In general, there are 3 rounds of interviews before a company would give you an offer

1. **Recruiter Phone Interview**
2. **Technical Phone Interview**
3. **Onsite Interview**

Some variants include the first round being a technical interview or multiple onsite interviews in rare cases or multiple rounds of technical phone interviews. You might get a take-home assignment at some point. 

Typically between each stage you have a couple of days to 3 weeks gaps. The expected waiting time between stages is closer to 1 week.
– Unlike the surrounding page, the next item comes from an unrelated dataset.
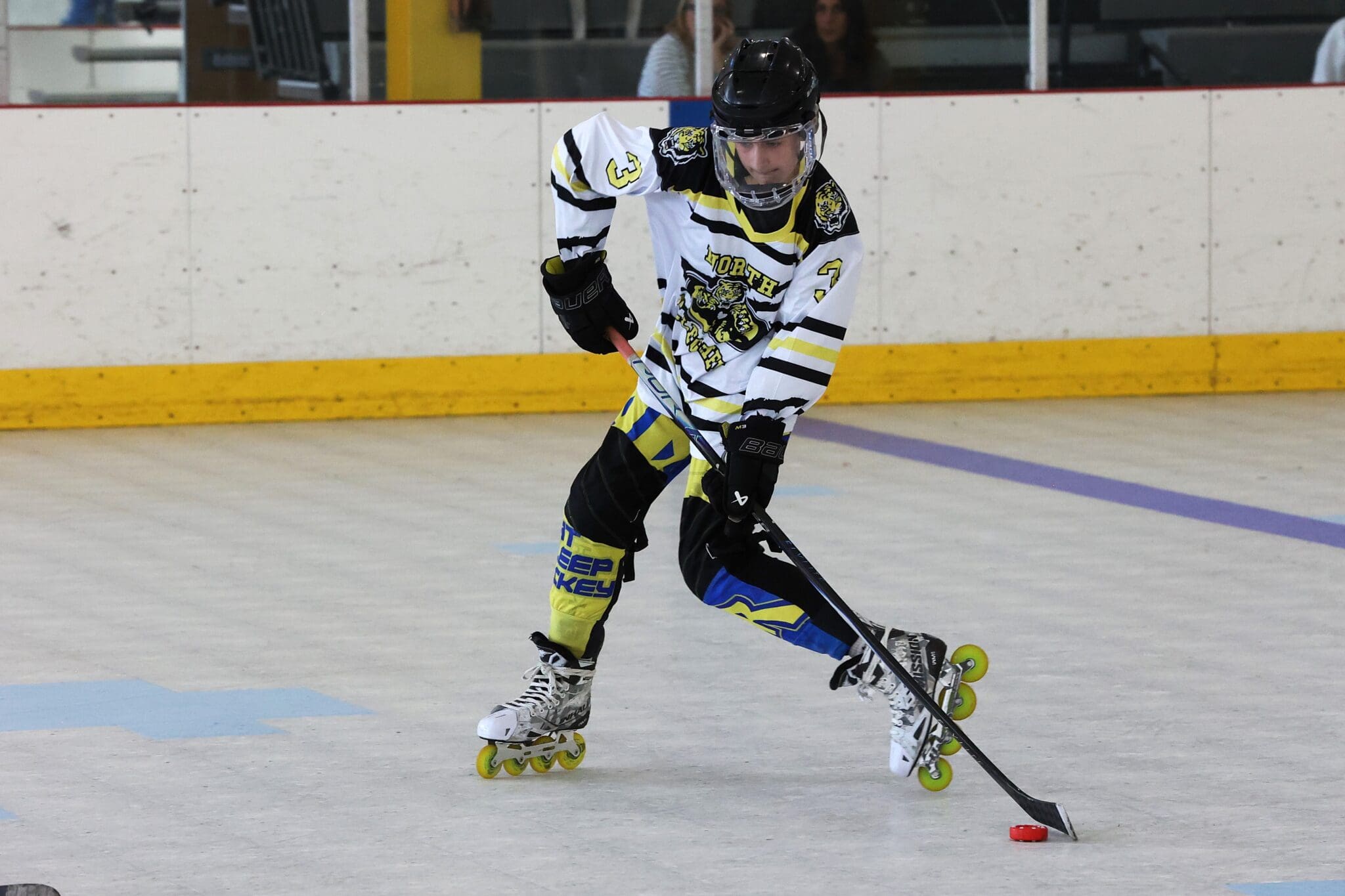 Inline hockey player in action, focused on controlling the puck indoors, wearing North Hockey gear.

The whole process usually take from 3 to 6 weeks. 

<br>

## Take-home

It is paramount that you ace your take-home if you decide to do the take-home. Acing the take-home would make the technical interviews down the road easier and more just about explaining what your have done for the take-home. 

<br>

To ace the take-home:

- Offer extra insight / knowledge that is not being asked
- Figure out the main theme behind the assignment and add your own interpretation to the assignment
- Push your code to a private Github repo (\$7 a month) and make it object oriented and PEP8 compliant 
- Write a `readme.md` explaining what your have done, reasoning behind and what you could have done
- Alternatively write a presentation (especially if asked to) and have it up on the repo as well

<br>

## Recruiter Phone Interview

Most of you would pass if you have spent more than an hour preparing. You should always ask if the phone interview is technical or not. If not, then most likely it would be a recruiter interview, otherwise see technical phone interview below. 

<br>

To pass the interview, you should:

- Read the job description and make sure you understand it
- **Be able talk through your resume chrnologically, from college to present**
- **Focus on the relevant data science experience in broad strokes**
- Do not focus on technical details 
- **Important: Get an idea what the team does. If the recruiter does not know, then at least try to get the name of some one on the team, ideally the person who will be doing your technical interview**
- Also always ask when you are going to hear back
- If you are asked about if X to Y salary range is ok, do not say yes / no, unless it is very significantly less than what you have expected. Say it depends on other things and it is still to early to tell this is a good range

<br>



## Technical Phone Interview

This round varies from company to company, **almost all companies will do a coding screen**. This round would be done by a data scientist or a software engineer.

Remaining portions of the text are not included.